About this exercise:
Task for the records below: please retype exactly and only the lines from the first through the one with "Figure 4. Red", with every picture omitted.

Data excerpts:
Segment Open

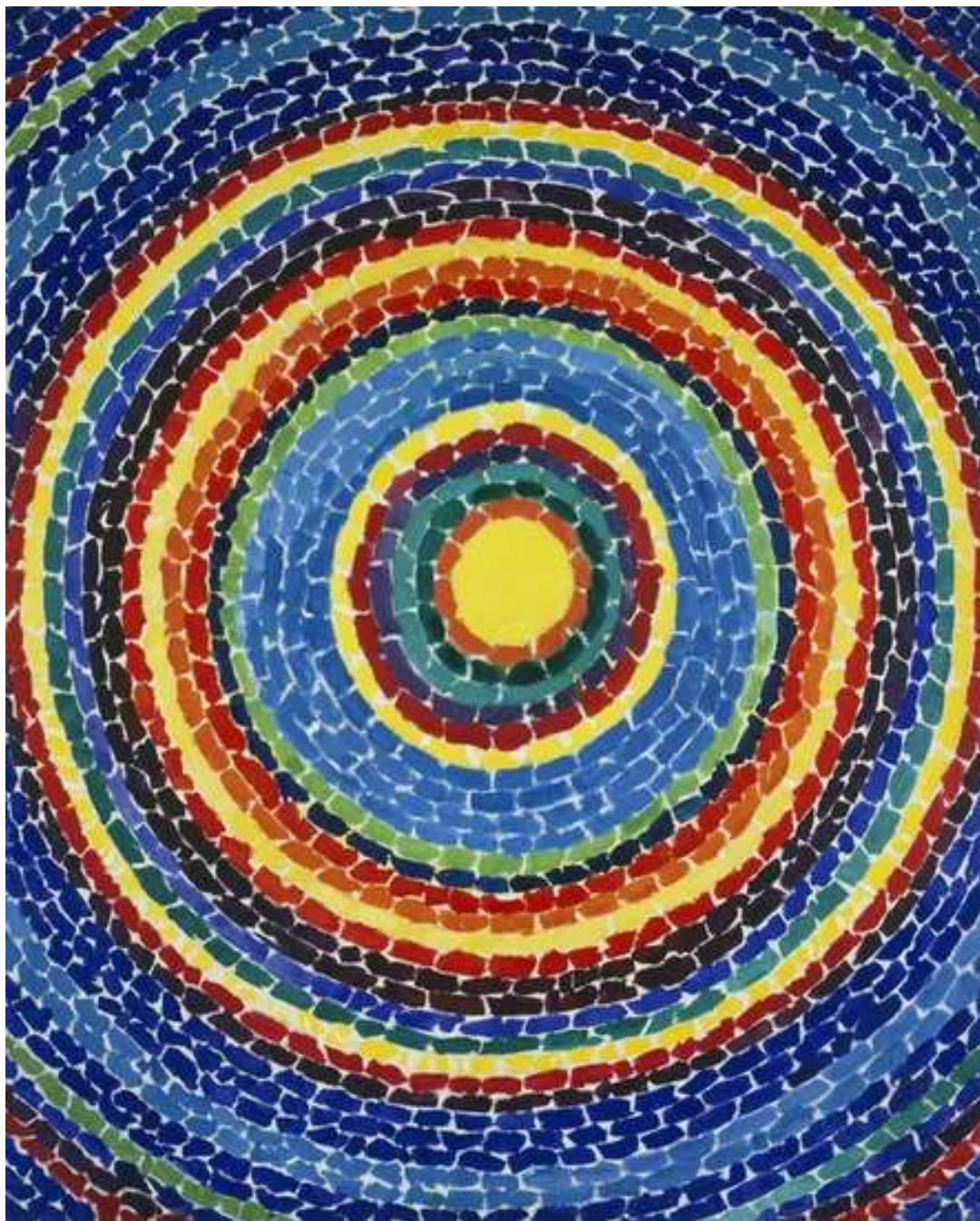
Resurrection by Alma Woodsey Thomas
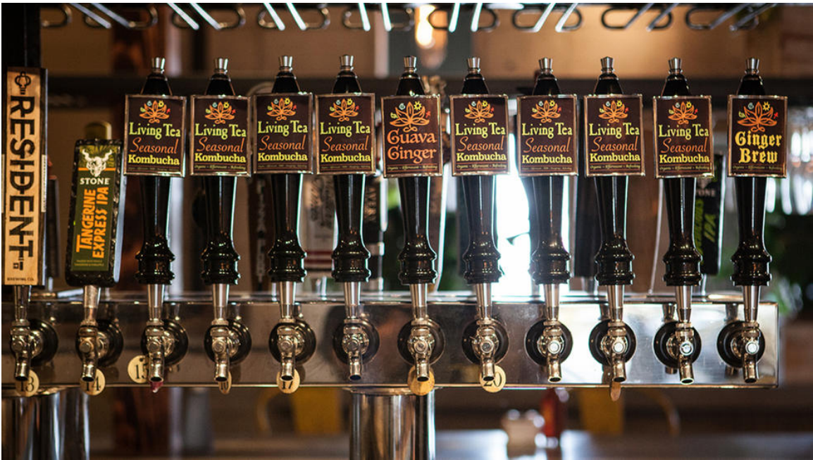
6/14 The bar is also home to 10 taps of different kombucha flavors and cold brew on nitro.
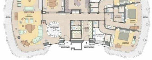
Master bedroom floor :
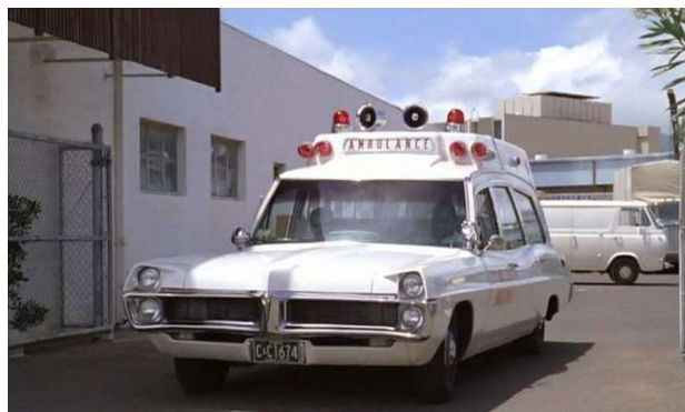
1967 Ambulance in "Hawaii Five-O"; (1968—1980); S1/Epo8
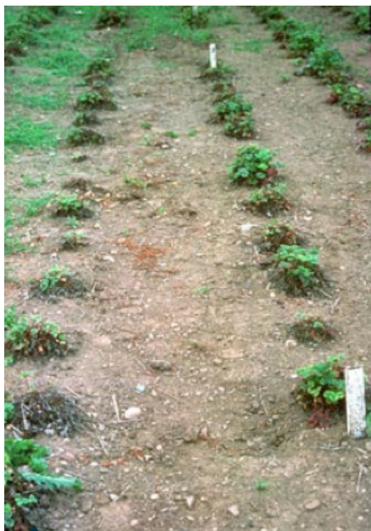
Figure 4. Red stele root rot of strawberry ( Phytophthora fragariae ).

o-o), or the equivalent, per 100 square feet (0.3 pounds of actual nitrogen), in several applications. Scatter the fertilizer on the ground and wash it off the leaves to prevent salt burn before irrigating. If possible, work fertilizer into the ground prior to the next irrigation. If drip irrigation is used for watering, fertilizer can be injected into the system. If injection is used, reduce the amount of nitrogen applied by ½ to prevent nitrogen burn.

Segment Closed

Solution:
Resurrection by Alma Woodsey Thomas
6/14 The bar is also home to 10 taps of different kombucha flavors and cold brew on nitro.
Master bedroom floor :
1967 Ambulance in "Hawaii Five-O"; (1968—1980); S1/Epo8
Figure 4. Red stele root rot of strawberry ( Phytophthora fragariae ).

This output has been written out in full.